Reconsider penalty scaling for SLOPE
In SLOPE version 0.3.0 and above, the penalty in the SLOPE objective is scaled depending on the type of scaling that is used in the call to SLOPE(). The behavior is:
- for
scaling = "l1", no scaling is applied - for
scaling = "l2", the penalty is scaled withsqrt(n) - for
scaling = "sd", the penalty is scaled withn`.
There are advantages and disadvantages of doing this kind of scaling, and I think a discussion is warranted regarding what the correct behavior should be.
Pros
- Regularization strength is independent from the number of observations, which means that the same level of regularization is applied over, for instance, differently sized resamples in cross-validation or when fitting a trained model on a test data set.
- Scaling the penalty is standard practice in many implementations of l1-regularized models, such as glmnet, ncvreg, biglasso
- Having regularization strength independent from the number of observations means that the model can still control for misspecification as n becomes large.
Cons
- The fact that the penalty scaling differs depending on type of standardization can be confusing.
- Overfitting becomes less and less of an issue as n becomes larger, so it makes sense to decrease the regularization strength as n grows.
- The model definition is now somewhat different from the definitions used in almost all publications, which also means that the interpretation of the
alphaparameter as variance in the orthogonal X case is lost.
Possible solutions
Whichever way we go with this, I think we should keep the other option available as a toggle, i.e. add an argument along the lines of penalty_scaling to turn off/on penalty scaling, or even to provide a more fine-grained type of penalty scaling. That way, it would be possible to achieve either behavior, which, really, means that this discussion is really about what the default should be.
Thoughts? Ideas?
References
Hastie et al. (2015) mentions that scaling with n is "useful for cross-validation" and makes lambda values comparable for different sizes of samples, but otherwise doesn't seem to mention it.

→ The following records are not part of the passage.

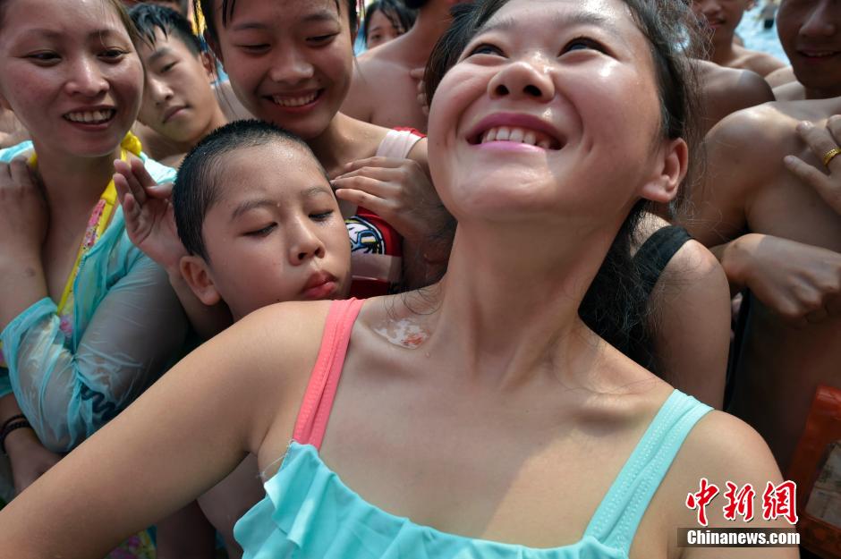 People show off their good figures in a park in southwest China's Chongqing last week. Some touched the bellybutton around the waist, some put coins or small gold fishes on the clavicle, which are the latest trend on Chinese social media for people to show off good figure. (Photo/CNS)
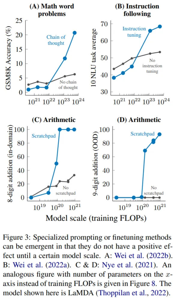 摘要:包括 Jeff Dean 、 Percy Liang 等在内的 16 位研究者合作的论文《 Emergent Abilities of Large Language Models 》,他们讨论了大模型不可预测现象,并称之为大型语言模型的突现能力( emergent abilities)。所谓的突现,即有些现象不存在于较小的模型中但存在于较大的模型中,他们认为模型的这种能力是突现的。
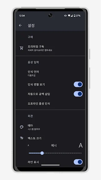 음성 인식에 사용될 언어를 선택할 수 있어요.
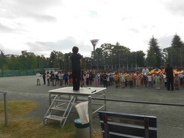 今日は校庭で全校朝会がありました。雲の合間から夏のような日差しが出ることがありました。全校朝会を校庭で行うと、今の季節を強く感じることができます。
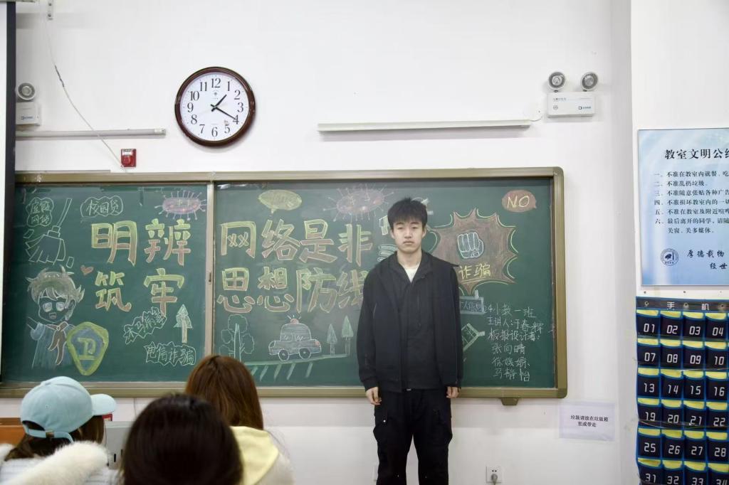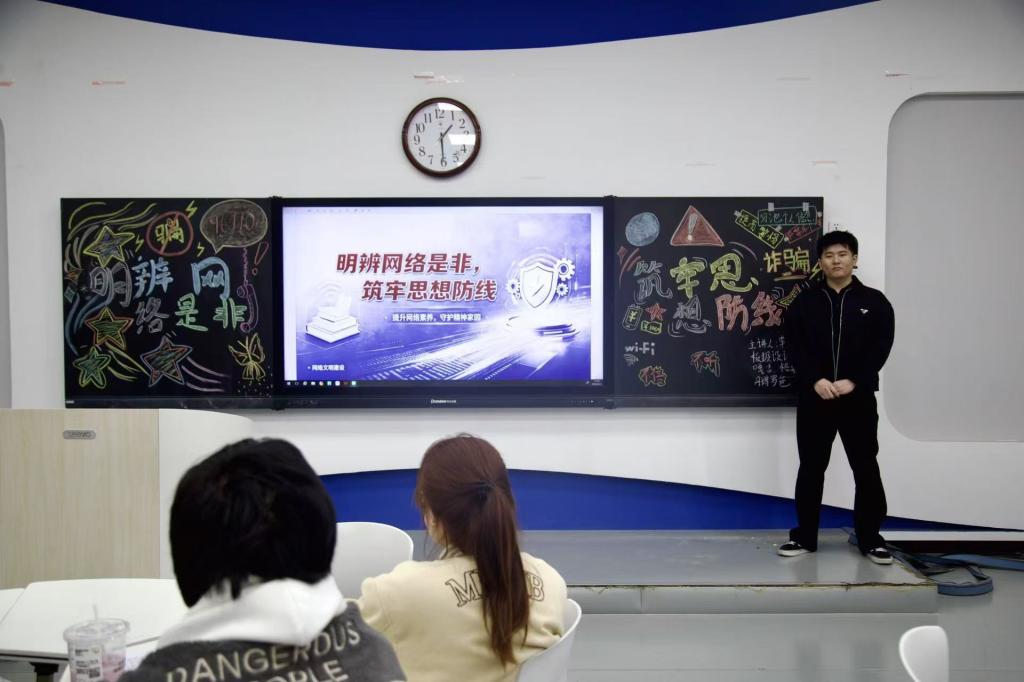 各班班长围绕网络意识形态安全、网络文明规范、网络安全法治和个人风险自查四大模块开展主题班会:深入解读网络意识形态工作的重要意义,深刻剖析不良思潮的现实危害,引导学生明辨是非、坚定立场;明确网络言行边界,倡导理性发声、文明表达,坚决杜绝造谣传谣与网络非理性行为;结合典型案例普及网络安全知识与相关法律法规,破除网络无约束、无底线的错误认知,强化全体学生的法治敬畏之心;引导学生对照自查上网习惯、排查自身行为隐患,主动远离不良信息与各类网络非法活动,全面提升自我防护与风险规避能力。

- Hastie, T., Tibshirani, R., & Wainwright, M. (2015). Statistical learning with sparsity: The lasso and generalizations (1 edition). Chapman and Hall/CRC.
scikit-learn has a brief article covering these things here: https://scikit-learn.org/stable/auto_examples/svm/plot_svm_scale_c.html
As default I would use the same as glmnet? I agree that it should def be an option. Could you put in some references to what people are doing at different places?
As default I would use the same as glmnet? I agree that it should def be an option. Could you put in some references to what people are doing at different places?
I updated the post with a couple of references, but I'm having a hard time finding references on this.
Could you start an overleaf of this also? We should write down the equations so one can have clearer disccusion about them. Further the naming should be on the scaling not loss function, in my oponion. I.e. 'l1' should be 'none', then if we have 'l1' loss implemented we should say that default there is none?
Could you start an overleaf of this also? We should write down the equations so one can have clearer disccusion about them.
Yes, absolutely.
Further the naming should be on the scaling not loss function, in my oponion. I.e. 'l1' should be 'none', then if we have 'l1' loss implemented we should say that default there is none?
not exactly sure what you mean here
not exactly sure what you mean here
scaling = "l1", no scaling is applied. The scaling is should not be named after lose function so rather. scaling = 'none'.